All I really remember is being able to see the back of the net.
And then a whole lot of smiles.
The next thing I saw was Maddie Rooney, our goalie, stopping their final shot.
Then complete and utter mayhem. I felt like I blacked out for a moment or two. It was just … euphoria. I felt a rush of emotion like I’ve never experienced in my life. It was incredible. It was amazing. It was perfect.
It was gold.
It was gold.
And it’s crazy, almost exactly a year ago, our same U.S. team was close to rock bottom.
Last March, I remember looking at the clock in a boardroom in Philadelphia knowing that I was going to miss my flight back — that a small group of players from the national team were all going to miss their flights back home. But we knew we had come to Philly on a mission — our flights didn’t matter now. A week earlier, we had announced we were boycotting the world championships — which were just a few days away.
There, in a boardroom, we sat across the table from representatives of USA Hockey. Our goal was to negotiate a contract that would give our women’s hockey program the same resources and support as the men’s team received. We knew this support would change women’s hockey for generations to come.
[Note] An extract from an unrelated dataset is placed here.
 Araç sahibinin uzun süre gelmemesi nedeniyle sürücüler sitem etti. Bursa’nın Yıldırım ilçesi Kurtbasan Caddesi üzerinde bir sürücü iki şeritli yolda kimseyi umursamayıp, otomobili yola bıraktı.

We held nothing back. We were brutally honest. It was hard. It was scary. It was sad, too, to feel like our voices weren’t necessarily being heard — not fully, anyway. And that part of it — not being heard — was maybe the most difficult part.
We knew one thing for sure. Everyone on the team felt that we were fighting for what was right. We were certain about what we deserved. And not a single girl in our program wavered from our mission. We knew full well the potential consequences of pushing back against USA Hockey. Some of us might be jeopardizing our future with the program. But that day in that room we stood together, as a team. Our motivation wasn’t only about the girls in that room, though. It was about the girls we didn’t even know. It was about girls four years from now, or 12 years from now — the athletes who are going to win medals for the U.S. but don’t even know it yet.
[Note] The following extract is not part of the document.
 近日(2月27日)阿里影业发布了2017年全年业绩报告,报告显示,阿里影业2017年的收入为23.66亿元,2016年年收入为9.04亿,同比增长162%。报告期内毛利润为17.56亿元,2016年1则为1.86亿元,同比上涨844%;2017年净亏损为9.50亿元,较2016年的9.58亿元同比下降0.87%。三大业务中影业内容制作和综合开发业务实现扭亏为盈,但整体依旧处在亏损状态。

For me, it was personal, too. It made me think of Leah, my niece. She’s just a baby, but in my mind we were fighting for girls like Leah. She and all other girls deserve every opportunity the boys get. Not only because it’s right, but also because it’s what will make all of USA Hockey — men’s and women’s — a stronger program. The Leahs … they turn into the Maddie Rooneys.
And damn, does America need more Maddie Rooneys right about now.
We stayed in that room in Philly, across the table from the USA Hockey side, until we felt we had said our piece. We missed our flights. We did what we knew had to be done — and to everyone who supported us, I can’t thank you enough. Then, a few days later, and only three days before the world championships were set to begin in Plymouth, Michigan, we came to an agreement.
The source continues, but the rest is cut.